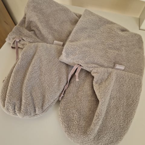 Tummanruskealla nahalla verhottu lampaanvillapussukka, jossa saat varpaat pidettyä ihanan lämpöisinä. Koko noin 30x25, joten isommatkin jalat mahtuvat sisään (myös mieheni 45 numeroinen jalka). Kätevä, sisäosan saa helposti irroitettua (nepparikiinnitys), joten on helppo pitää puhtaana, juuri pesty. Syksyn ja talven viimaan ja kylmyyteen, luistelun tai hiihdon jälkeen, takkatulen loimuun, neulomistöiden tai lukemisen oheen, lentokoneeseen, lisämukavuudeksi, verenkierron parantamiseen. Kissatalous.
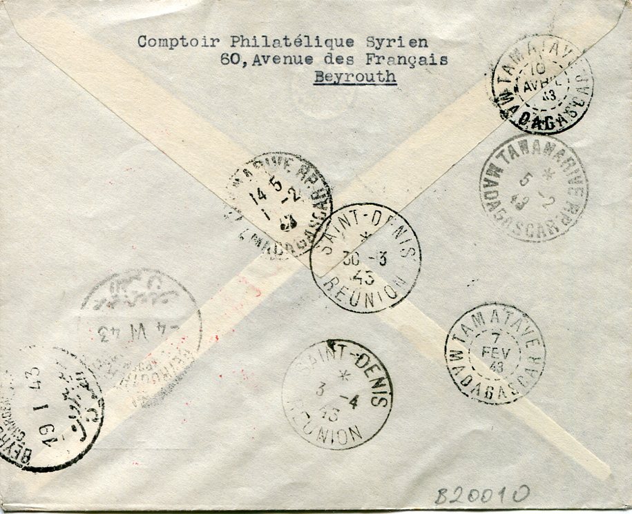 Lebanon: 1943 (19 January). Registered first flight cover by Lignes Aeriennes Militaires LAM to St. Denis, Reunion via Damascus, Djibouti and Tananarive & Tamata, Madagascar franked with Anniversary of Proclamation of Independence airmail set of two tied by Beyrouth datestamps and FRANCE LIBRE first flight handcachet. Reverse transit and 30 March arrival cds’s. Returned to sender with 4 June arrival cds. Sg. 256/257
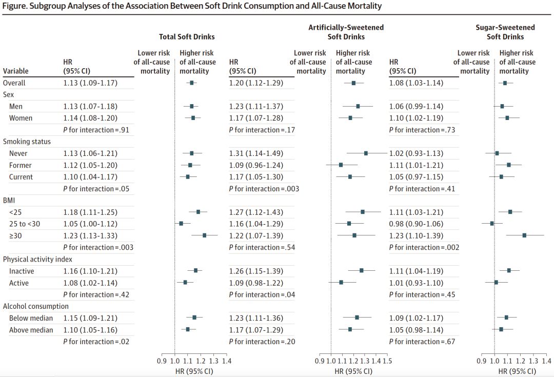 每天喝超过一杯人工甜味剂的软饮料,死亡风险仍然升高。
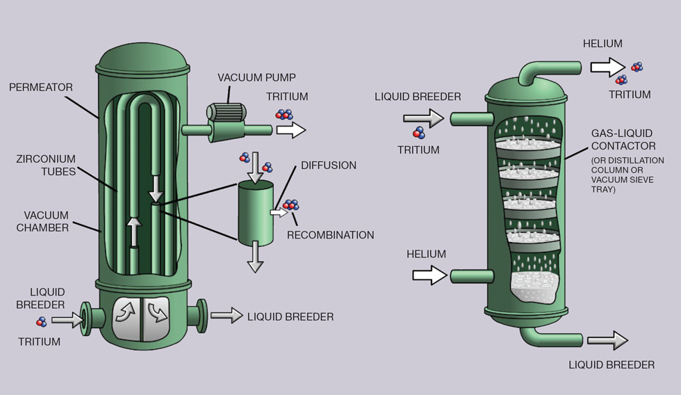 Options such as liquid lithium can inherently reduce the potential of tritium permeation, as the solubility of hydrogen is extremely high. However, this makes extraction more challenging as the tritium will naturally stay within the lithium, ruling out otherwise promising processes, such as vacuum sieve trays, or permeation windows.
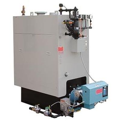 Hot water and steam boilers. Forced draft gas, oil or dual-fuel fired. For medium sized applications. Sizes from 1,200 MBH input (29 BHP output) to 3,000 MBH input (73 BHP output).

....................

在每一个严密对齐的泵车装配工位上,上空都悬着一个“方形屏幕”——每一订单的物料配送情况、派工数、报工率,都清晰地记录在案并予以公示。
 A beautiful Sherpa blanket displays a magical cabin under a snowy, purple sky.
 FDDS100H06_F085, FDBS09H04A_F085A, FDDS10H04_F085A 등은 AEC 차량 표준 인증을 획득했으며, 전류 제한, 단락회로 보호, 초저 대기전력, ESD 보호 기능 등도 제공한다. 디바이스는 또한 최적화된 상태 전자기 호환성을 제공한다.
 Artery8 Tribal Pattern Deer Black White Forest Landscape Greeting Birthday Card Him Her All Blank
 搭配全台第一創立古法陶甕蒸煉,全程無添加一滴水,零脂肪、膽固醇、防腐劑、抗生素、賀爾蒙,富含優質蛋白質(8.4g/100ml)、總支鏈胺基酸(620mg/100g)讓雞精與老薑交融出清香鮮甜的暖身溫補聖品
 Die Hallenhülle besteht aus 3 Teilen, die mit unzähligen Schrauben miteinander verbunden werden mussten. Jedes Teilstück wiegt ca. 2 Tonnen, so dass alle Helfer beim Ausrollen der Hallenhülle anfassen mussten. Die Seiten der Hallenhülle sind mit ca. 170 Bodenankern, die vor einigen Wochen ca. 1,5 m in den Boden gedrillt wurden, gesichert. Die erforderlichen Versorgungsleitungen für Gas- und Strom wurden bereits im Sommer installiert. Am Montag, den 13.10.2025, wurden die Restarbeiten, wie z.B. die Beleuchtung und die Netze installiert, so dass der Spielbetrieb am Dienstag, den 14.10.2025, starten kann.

....................

WHAT TO DO: Of the lines above, retype only those from the line containing "Artery8 Tribal Pattern" through the line containing "搭配全台第一創立古法陶甕蒸煉", including both, exactly.

RESPONSE AREA:
 Artery8 Tribal Pattern Deer Black White Forest Landscape Greeting Birthday Card Him Her All Blank
 搭配全台第一創立古法陶甕蒸煉,全程無添加一滴水,零脂肪、膽固醇、防腐劑、抗生素、賀爾蒙,富含優質蛋白質(8.4g/100ml)、總支鏈胺基酸(620mg/100g)讓雞精與老薑交融出清香鮮甜的暖身溫補聖品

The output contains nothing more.